===== SOURCE DATA =====

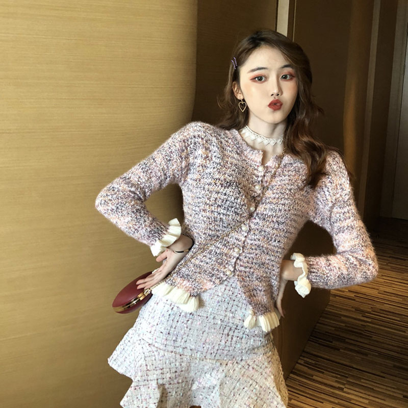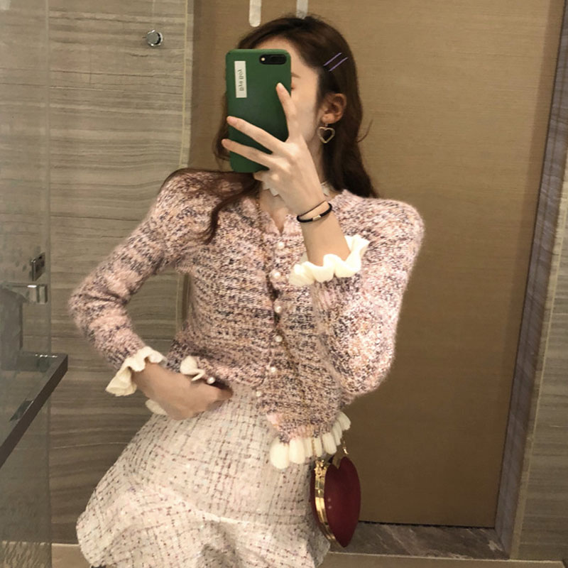 / 秋裝女2018新款套裝復古珠珠扣波浪邊香風開衫+小香風魚尾短呢裙
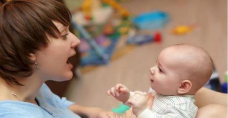 出生2个月时,婴儿对语言中包含的情绪就有所反应,3个月能发出喃喃之声。所以家长就要借此机会开始与宝宝沟通互动,让宝宝增加说的欲望。要在带孩子的日常生活中解读宝宝的“婴语”,比如困了、饿了、尿了的时候,宝宝都有哪些表现,如何妈妈在做这些护理的时候要跟宝宝也用喃喃细语说话。渐渐地,宝宝就会有意识说话。
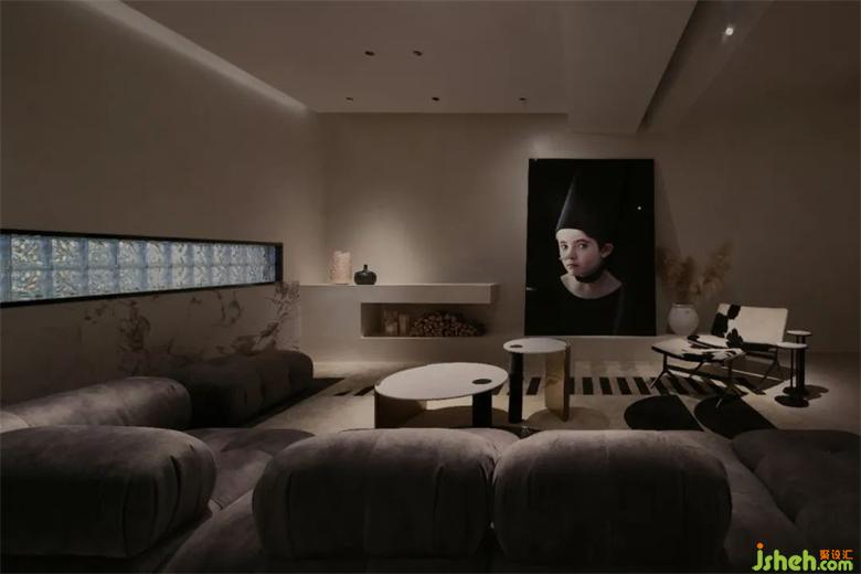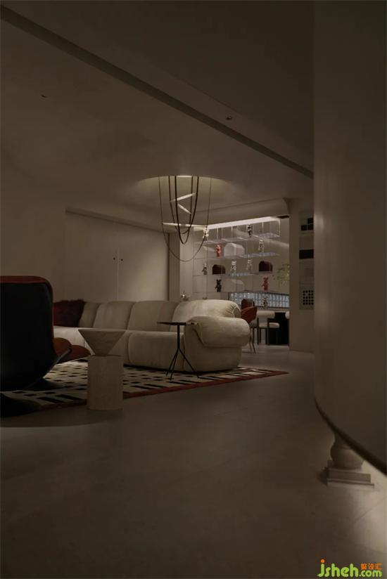 為了讓客人穿過前廳后能對后場區(qū)域繼續(xù)保持新鮮感,我們在Living和Art展廳區(qū)域交界處創(chuàng)作了一個裝置性的藝術通道,人們會被這個內建筑所吸引,具有吸引力的弧形墻體能讓展廳瞬間轉換空間情緒,神秘感油然而生,一步一步打開客人的好奇心,家居館設計后場濃郁的藝術氛圍會讓人心情愉悅,浪漫感油然而生。

=====

> _PROMPT_
Return only the lines from the one that contains "出生2个月时,婴儿对语言中包" through the closing line of the data, inclusive, reproduced exactly and with every picture left out.

> _WRITTEN SOLUTION_
 出生2个月时,婴儿对语言中包含的情绪就有所反应,3个月能发出喃喃之声。所以家长就要借此机会开始与宝宝沟通互动,让宝宝增加说的欲望。要在带孩子的日常生活中解读宝宝的“婴语”,比如困了、饿了、尿了的时候,宝宝都有哪些表现,如何妈妈在做这些护理的时候要跟宝宝也用喃喃细语说话。渐渐地,宝宝就会有意识说话。
 為了讓客人穿過前廳后能對后場區(qū)域繼續(xù)保持新鮮感,我們在Living和Art展廳區(qū)域交界處創(chuàng)作了一個裝置性的藝術通道,人們會被這個內建筑所吸引,具有吸引力的弧形墻體能讓展廳瞬間轉換空間情緒,神秘感油然而生,一步一步打開客人的好奇心,家居館設計后場濃郁的藝術氛圍會讓人心情愉悅,浪漫感油然而生。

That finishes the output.